Graphical representation in Data Analysis
Carrying out clinical-epidemiological studies finally implies issuing quantifiable results from said study or experiment. The clarity of said presentation is of vital importance for the understanding of the results and the interpretation of the same. When it comes to representing the results of statistical analysis in an adequate way, there are several publications that we can consult. Although it is recommended that the presentation of numerical data analysis is usually done by means of tables, sometimes a diagram or a graph can help us to represent our data more efficiently.
This article will address the graphic representation of the results of a study, confirming its usefulness in the process of statistical analysis and data presentation. The different types of graphs that we can use and their correspondence with the different stages of the analysis process will be described.
When data are available from a population, and before undertaking more complex statistical analyzes, a first step is to present that information in such a way that it can be viewed in a more systematic and summarized way. The data analysis that interest us depend, in each case, on the type of variables that we are handling.
For categorical variables, such as sex, TNM stage, profession, etc., we want to know the frequency and the percentage of total cases that “fall” in each category. A very simple way to represent these results graphically is by means of bar charts or pie charts. In pie charts, also known as “pie” diagrams, a circle is divided into as many portions as there are classes for the variable so that each class has an arc of a circle proportional to its absolute or relative frequency. An example is shown in Figure 1. As can be seen, the information that must be shown in each sector refers to the number of cases within each category and the percentage of the total that they represent. If the number of categories is excessively large, the image provided by the pie chart is not clear enough, and therefore the ideal situation is when there are around three categories. In this case, these subgroups can be clearly seen.
The bar charts are similar to pie charts. As many bars are represented as there are categories of the variable so that the height of each of them is proportional to the frequency or percentage of cases in each class ( Figure 2 ). These same graphs can also be used to describe discrete numerical variables that take on few values (number of children, number of relapses, etc.).

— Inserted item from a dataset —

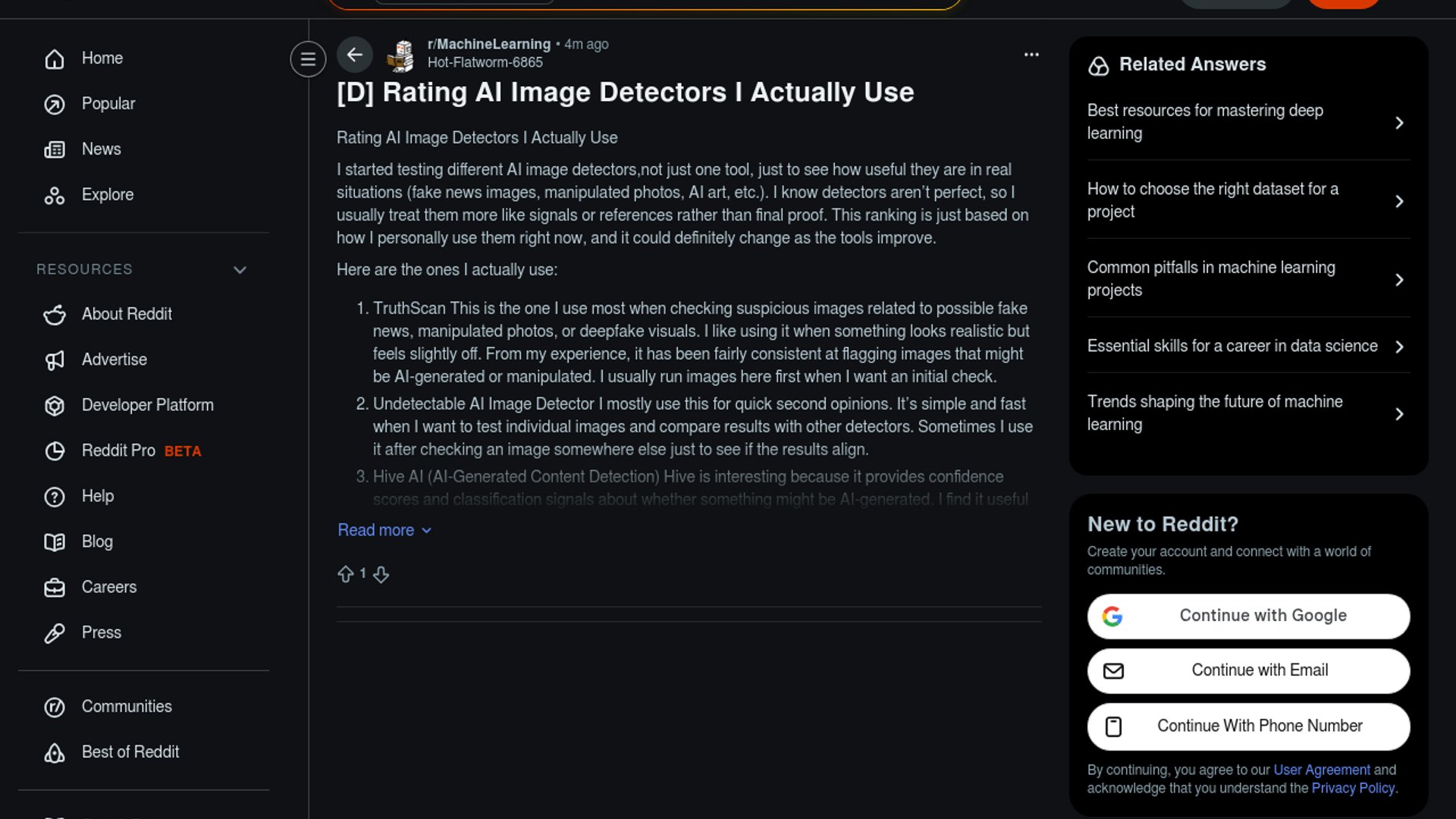 A r/MachineLearning contributor shares a hands-on ranking of five AI image detection tools — TruthScan, Undetectable AI, Hive AI, Reality Defender, and Google Gemini — for identifying fake news images and deepfakes. The core finding: no single detector is trustworthy on its own; reliable verification still requires stacking multiple tools with manual inspection.

For continuous numerical variables, such as age, blood pressure, or body mass index, the most commonly used type of graph is the histogram. To construct a graph of this type, the range of values of the variable is divided into intervals of equal amplitude, representing a rectangle on each interval based on this segment. The criterion for calculating the height of each rectangle is to maintain the proportionality between the absolute (or relative) frequencies of the data in each interval and the area of the rectangles. As an example, Table I shows the frequency distribution of the age of 100 patients, between 18 and 42 years. If this range is divided into two-year intervals, the first tranche is between 18 and 19 years, among which is 4/100 = 4% of the total. Therefore, the first bar will have a height proportional to 4. Proceeding thus successively, the histogram shown in Figure 3 is constructed. By joining the midpoints of the upper end of the histogram bars, an image is obtained called a frequency polygon. This figure tries to show, in the simplest way, in which ranges most of the data is found. An example, using the data above, is presented in Figure 4.

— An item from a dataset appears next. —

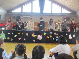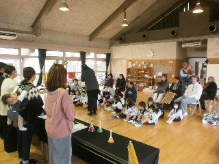 後半は、全園児で保護者(有志)のクリスマスソングのハンドベル等を使った楽器の演奏を聞きました。子供たちは知っている歌を一緒に歌い、笑顔が見られました。何度も練習してくださった保護者の方々、ありがとうございました。

Another common and very useful way to summarize a numeric type variable is by using the concept of percentiles, using box plots. Figure 5 shows a graph corresponding to the data boxes Table I. The central box indicates the range in which the central 50% of the data is concentrated. Their ends are, therefore, the 1st and 3 rd quartile of the distribution. The centerline on the box is the median. Thus, if the variable is symmetric, this line will be in the center of the box. The ends of the “whiskers” that come out of the box are the values that delimit the central 95% of the data, although they sometimes coincide with the extreme values of the distribution. Observations that fall outside this range (outliers or extreme values) are also usually represented. This is especially useful to check graphically for possible errors in our data. In general, box plots are more appropriate for representing variables that have a large deviation from the normal distribution. As will be seen later, they are also of great help when data are available on different groups of subjects.

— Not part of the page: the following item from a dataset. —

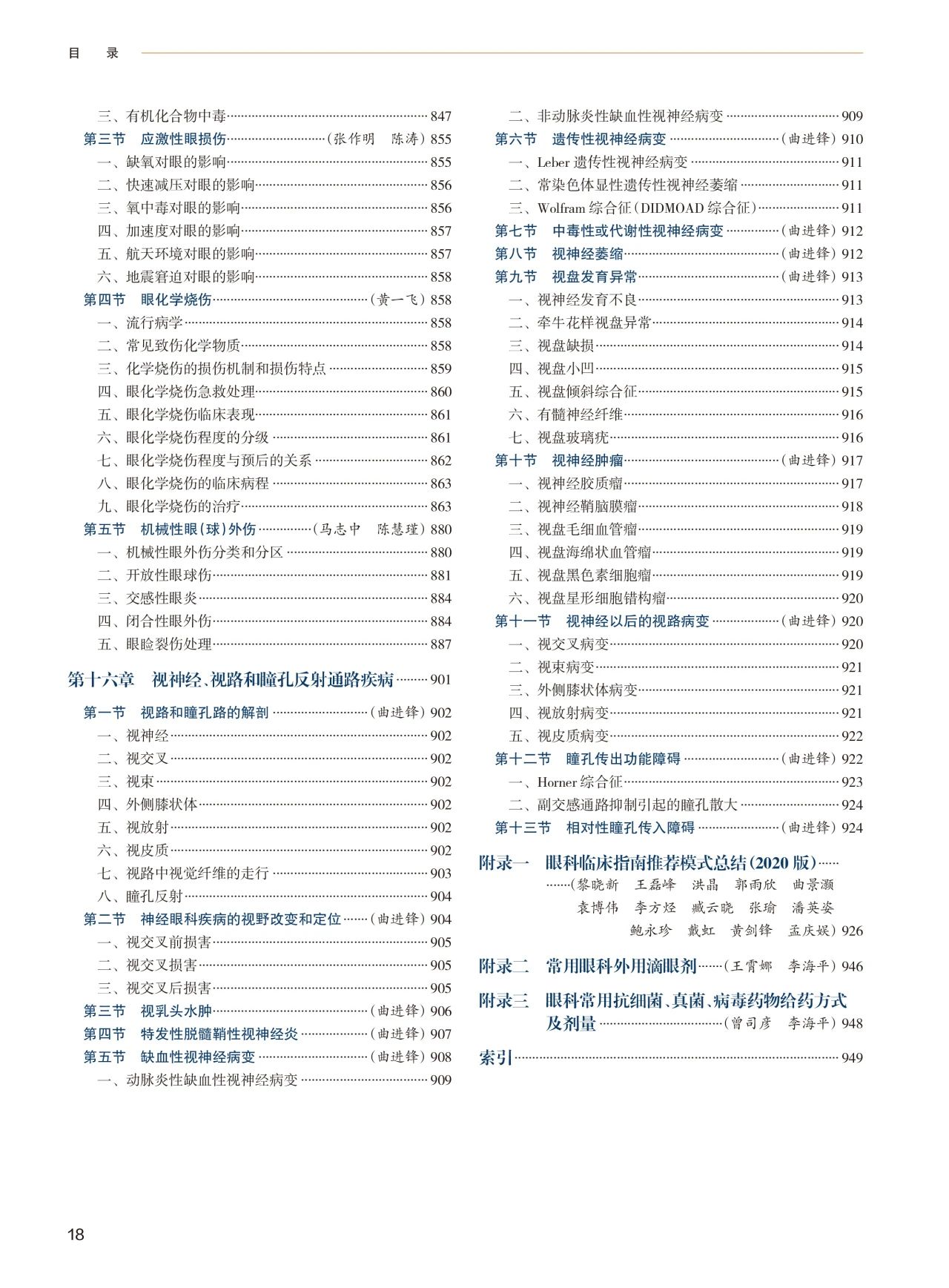 新增三个附录:① 眼科临床指南推荐模式(PPP),以精简条目或表格形式描绘处理路径;② 常用滴眼剂;③ 抗生素的全身和眼内使用剂量。

Finally, and with regard to the description of the data, it is usually necessary, for subsequent analyzes, to check the normality of any of the numerical variables that are available. A box plot or a histogram are simple graphs that allow you to check, in a purely visual way, the symmetry and “pointing” of the distribution of a variable and, therefore, to assess its deviation from normality. There are other specific graphical methods for this purpose, such as PP or QQ graphs. In the former, the cumulative proportions of a variable are compared with those of a normal distribution. If the selected variable matches the test distribution, the points are concentrated around a straight line. The QQ graphs are obtained in an analogous way, this time representing the quantiles of the distribution of the variable with respect to the quantiles of the normal distribution. In Figure 6 the corresponding PP graphic data analysis shown in Table I suggests that, at the same as the corresponding histogram and box plot, the variable distribution is away from the normal.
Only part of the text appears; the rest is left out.